■蓮杖-没後百年日本写真の開拓者下岡蓮杖-  ■黒部と槍-冠松次郎と穂苅三寿雄  ■APAアワード2014

■東京都写真美術館,2014.3.4-5.6
□蓮杖-没後百年日本写真の開拓者下岡蓮杖- 
蓮杖は写真に出会った時「絵画の代わりになる」と言っています。 しかし晩年に再び絵師に戻っています。 絵師に戻った理由がわかりません。 そしてナゼ写真師になったのか? これも本当の理由がわからない展示でした。
開拓者という言葉を使っていますが時代に乗った人でしょう。 時代の流れに乗れる人はそれなりの才能が必要です。

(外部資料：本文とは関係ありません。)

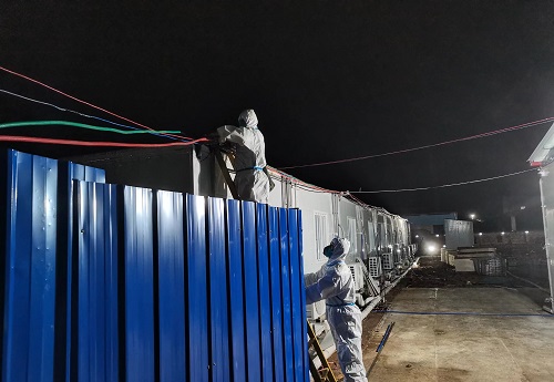 疫情就是命令,防控就是責(zé)任。國網(wǎng)東安縣供電公司黨委積極部署制定方案,以楊成為首的4名工作人員進入防控區(qū)域進行作業(yè),著全套防護服、攜帶登桿、搶修各類工具及材料進入管控區(qū)域。隨后,工作人員開始對院內(nèi)的變壓器以及用電線路等設(shè)備進行全面檢查,為盡快恢復(fù)隔離點供電,從排查電氣、監(jiān)測漏電保護器、更換導(dǎo)線,大家爭分奪秒。“夜間作業(yè)視線不好,要特別注意安全,要戴好口罩,注意自身的防護!”楊成叮囑每一位搶修人員,在應(yīng)急搶修燈的照明下,工作人員不敢有絲毫的麻痹大意,嚴密監(jiān)護作業(yè)……一道道工序有條不紊地進行著,雖然天氣變冷,但是密不透風(fēng)的防護服和口罩很快便被汗水打濕,他們在夜幕中來回穿梭,與時間賽跑,與疫情競速,用時6小時,奮戰(zhàn)到晚上23點圓滿完成緊急供電任務(wù)。

彼の作品から明治時代初期の人々が何をして何を考えていたのか想像できます。 侍や僧侶、飛脚や甘酒売などの商人、三味線や書の稽古などなどからです。 開拓者ではなく彼の目を通して生きた時代をみることの方が面白い展示会でした。
黒部と槍-冠松次郎と穂苅三寿雄-
山岳写真は特別です。 単なる風景とは違います。 当時は重たい写真機を持って写真をとりますから作品の質は良くありません。 登山経験者と未経験者の違いも大きいとおもいます。 未経験者は地球とか人生とか、まるごとのままの何かを想起します。
経験者特に北アルプス登山者は違うはずです。 靴や服装、五万分の1の地図、登山家の歩いている姿。 ディティールの一寸も漏らさず作品を舐めまわすでしょう。 山岳写真はやはり特別です。
□APAアワード
経済産業大臣賞はボーイング787です。 素人には分かり難い溶接やリベット跡、そして銀びかりの身体。 電子機器とは違った迫力があります。 経済産業大臣及びその家臣なら諸手を上げてこの作品を支持するはずです。
気に入ったのは制服姿の女子高校生が写っている作品です。 彼女らはボーイング787を簡単に越えることができます。